Since then, other divisions within SEI have created their own volunteer boards, he says.

One of those projects was designing a peer-led employee recognition award in which there would be only one winner — no second, third, fourth place or “honorable mentions,” says Chiaradonna.

“There was a lot of initial pushback when I said there was to be only one winner,” he says.

The end result was the Higher Gear Award, in which nominees are interviewed, along with their colleagues and even their spouses. On awards day, every nominee’s story is shared with employees and, even though only one winner (selected by employees) is recognized, all the stories are celebrated online and on “chalk walls” (see photo above) in the company’s office.

“It lets the recognition live on in a meaningful way,” says Chiaradonna.

As the business unit grew, concern arose that its unique culture would be diluted. SEI’s HR staffers suggested to Chiaradonna that stay interviews would help preserve it.

“I don’t believe in exit interviews, because no one says what’s really on their minds because they don’t want to burn bridges,” he says. “With stay interviews, you get to ask people what they love about the company, what keeps them here and what we could do better.”

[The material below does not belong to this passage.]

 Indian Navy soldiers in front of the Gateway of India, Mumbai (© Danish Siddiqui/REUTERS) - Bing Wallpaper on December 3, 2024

Chiaradonna and his team analyzed everything that was said in the stay interviews (which were conducted by staffers from outside the business unit so employees would feel freer to be open). From the stay interviews, Chiaradonna learned that employees wanted other opportunities to connect with one another besides through their jobs. In response, he helped launch an internal book club that employees share and discuss their favorite books with one another.

“There’ve been some amazing discussions that have come out of this,” he says.

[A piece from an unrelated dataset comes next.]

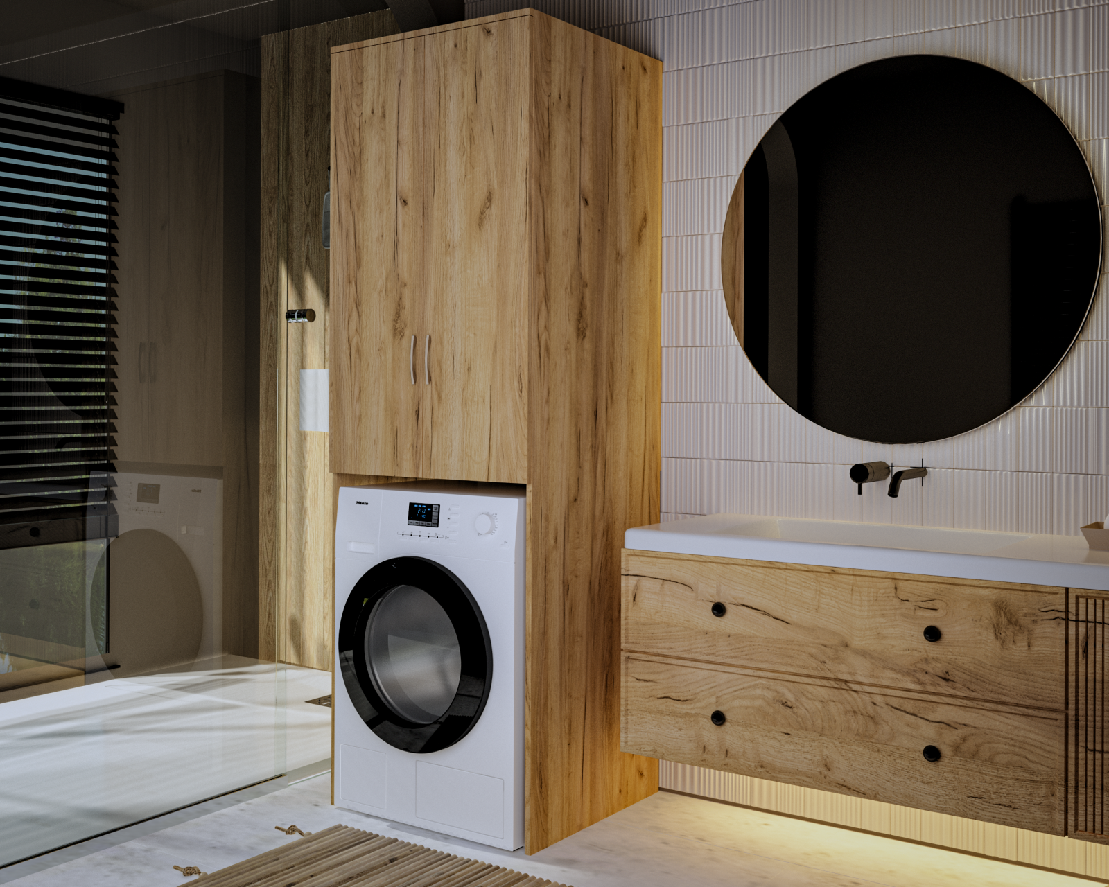 Pentru un aspect coerent cu finisajul Stejar K003, alege pereți în tonuri calde (crem, greige) și accente metalice negre mate ori inox periat. O oglindă baie mare și suprafețe în nuanțe deschise măresc vizual spațiul și aduc mai multă lumină în băile mici. Pe raftul deschis, folosește coșuri din fibre naturale pentru detergenți și o tavă decorativă pentru obiecte mici (uleiuri, loțiuni), astfel încât zona să rămână ordonată și personală.

Employees also wanted a more digital, mobile workspace that fostered collaboration, so they helped redesign the business unit’s space to an open-office concept, with no walls or cubicles and lots of natural light.

Not everyone’s happy with the new arrangement, Chiaradonna admits.

“We do ‘hoteling’ now, and there was some resistance to that, particularly from our salespeople — who are on the road the most,” he says. “I told them ‘Guys, don’t you sell change for a living?’ My point was, the world’s changing, and we may not have it right yet but let’s at least embrace it and try to make it work.”

One of the biggest initial resistors to hoteling is now one of its biggest advocates, says Chiaradonna.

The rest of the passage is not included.